• [Assignment]:
Reproduce, word for word, the lines in the material below starting with the one that has "If a proper" and going on through the one that has "Thee Desperado 1989". Leave out all pictures.

[Exercise materials — start]

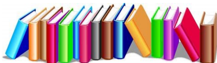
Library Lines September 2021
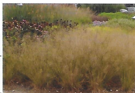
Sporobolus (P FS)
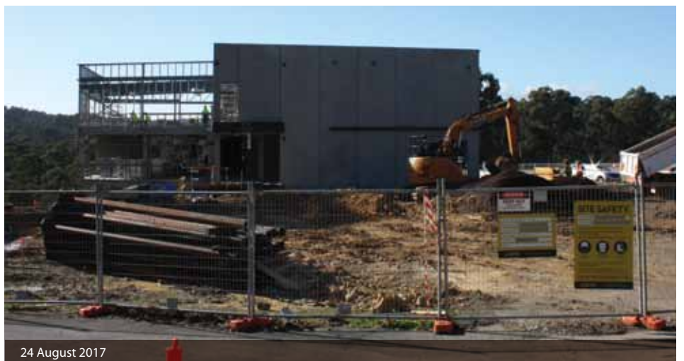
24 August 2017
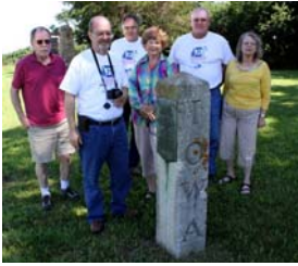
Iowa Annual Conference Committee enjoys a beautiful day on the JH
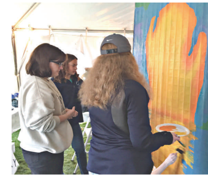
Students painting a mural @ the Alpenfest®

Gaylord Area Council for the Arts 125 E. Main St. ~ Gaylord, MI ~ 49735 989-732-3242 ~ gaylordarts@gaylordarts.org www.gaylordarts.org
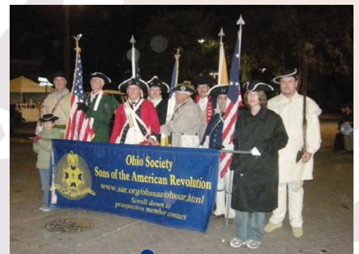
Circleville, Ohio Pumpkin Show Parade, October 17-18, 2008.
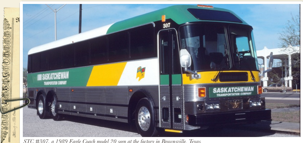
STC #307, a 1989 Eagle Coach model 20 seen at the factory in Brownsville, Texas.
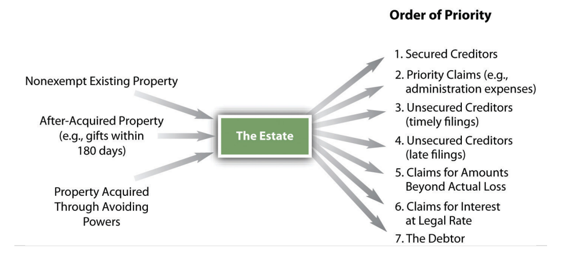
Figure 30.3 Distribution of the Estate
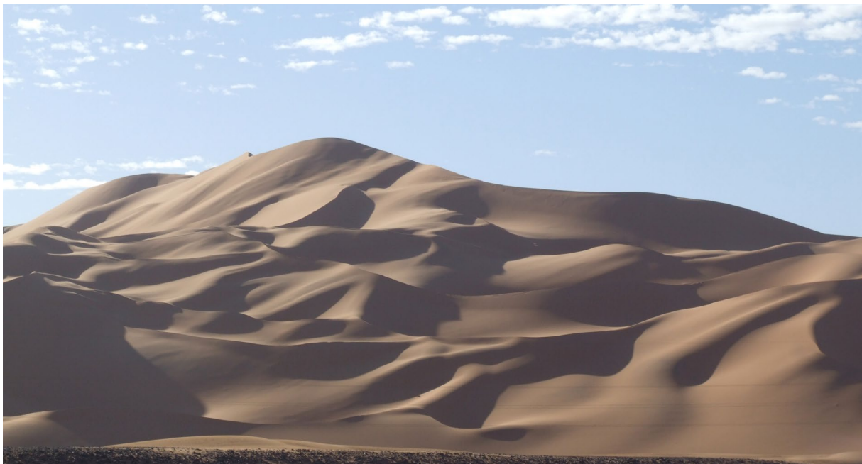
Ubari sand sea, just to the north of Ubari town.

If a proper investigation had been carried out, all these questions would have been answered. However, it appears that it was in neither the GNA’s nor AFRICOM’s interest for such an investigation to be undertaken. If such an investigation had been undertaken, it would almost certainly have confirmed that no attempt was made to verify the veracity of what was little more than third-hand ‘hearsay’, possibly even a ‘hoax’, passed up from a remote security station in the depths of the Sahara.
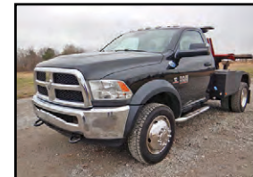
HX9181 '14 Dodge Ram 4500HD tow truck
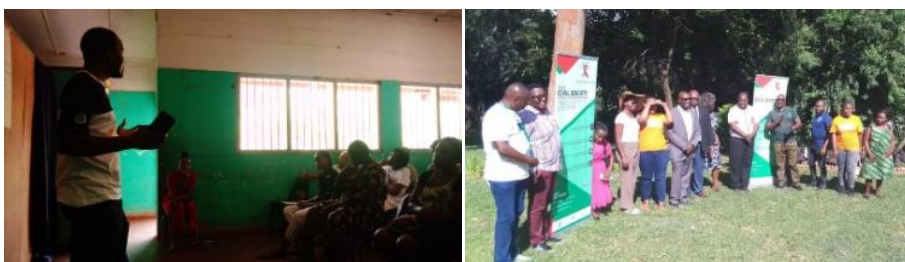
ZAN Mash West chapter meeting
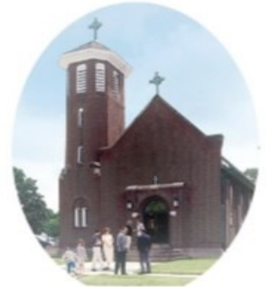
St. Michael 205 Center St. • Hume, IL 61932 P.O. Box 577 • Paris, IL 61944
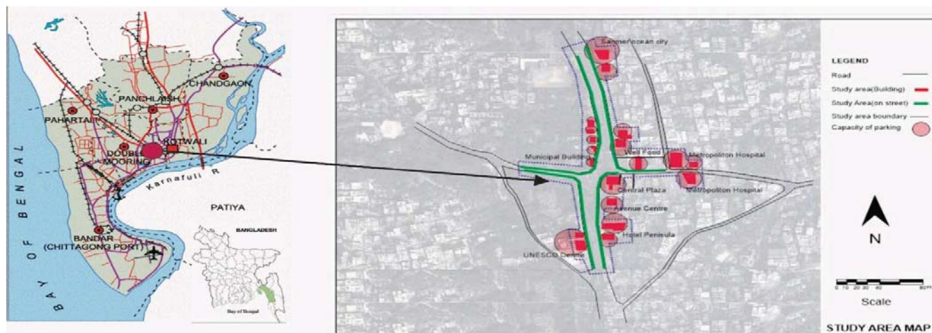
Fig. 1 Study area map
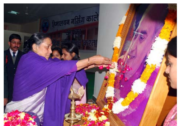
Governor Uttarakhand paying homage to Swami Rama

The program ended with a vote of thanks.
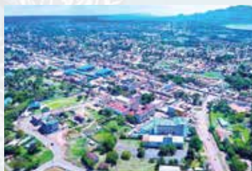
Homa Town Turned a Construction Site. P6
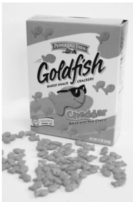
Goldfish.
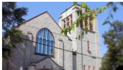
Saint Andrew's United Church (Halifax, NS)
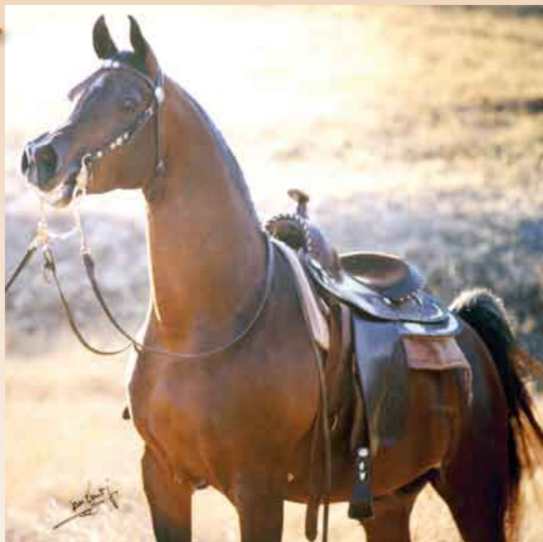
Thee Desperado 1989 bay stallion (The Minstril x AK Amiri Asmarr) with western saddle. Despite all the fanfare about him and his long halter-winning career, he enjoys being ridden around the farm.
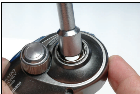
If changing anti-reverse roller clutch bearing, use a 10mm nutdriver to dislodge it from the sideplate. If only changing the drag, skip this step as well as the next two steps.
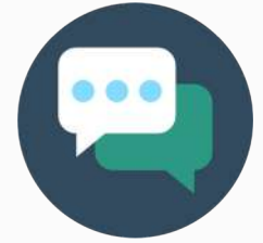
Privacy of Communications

[Exercise materials — finish]

• [Reply to the exercise]:
If a proper investigation had been carried out, all these questions would have been answered. However, it appears that it was in neither the GNA’s nor AFRICOM’s interest for such an investigation to be undertaken. If such an investigation had been undertaken, it would almost certainly have confirmed that no attempt was made to verify the veracity of what was little more than third-hand ‘hearsay’, possibly even a ‘hoax’, passed up from a remote security station in the depths of the Sahara.
HX9181 '14 Dodge Ram 4500HD tow truck
ZAN Mash West chapter meeting
St. Michael 205 Center St. • Hume, IL 61932 P.O. Box 577 • Paris, IL 61944
Fig. 1 Study area map
Governor Uttarakhand paying homage to Swami Rama

The program ended with a vote of thanks.
Homa Town Turned a Construction Site. P6
Goldfish.
Saint Andrew's United Church (Halifax, NS)
Thee Desperado 1989 bay stallion (The Minstril x AK Amiri Asmarr) with western saddle. Despite all the fanfare about him and his long halter-winning career, he enjoys being ridden around the farm.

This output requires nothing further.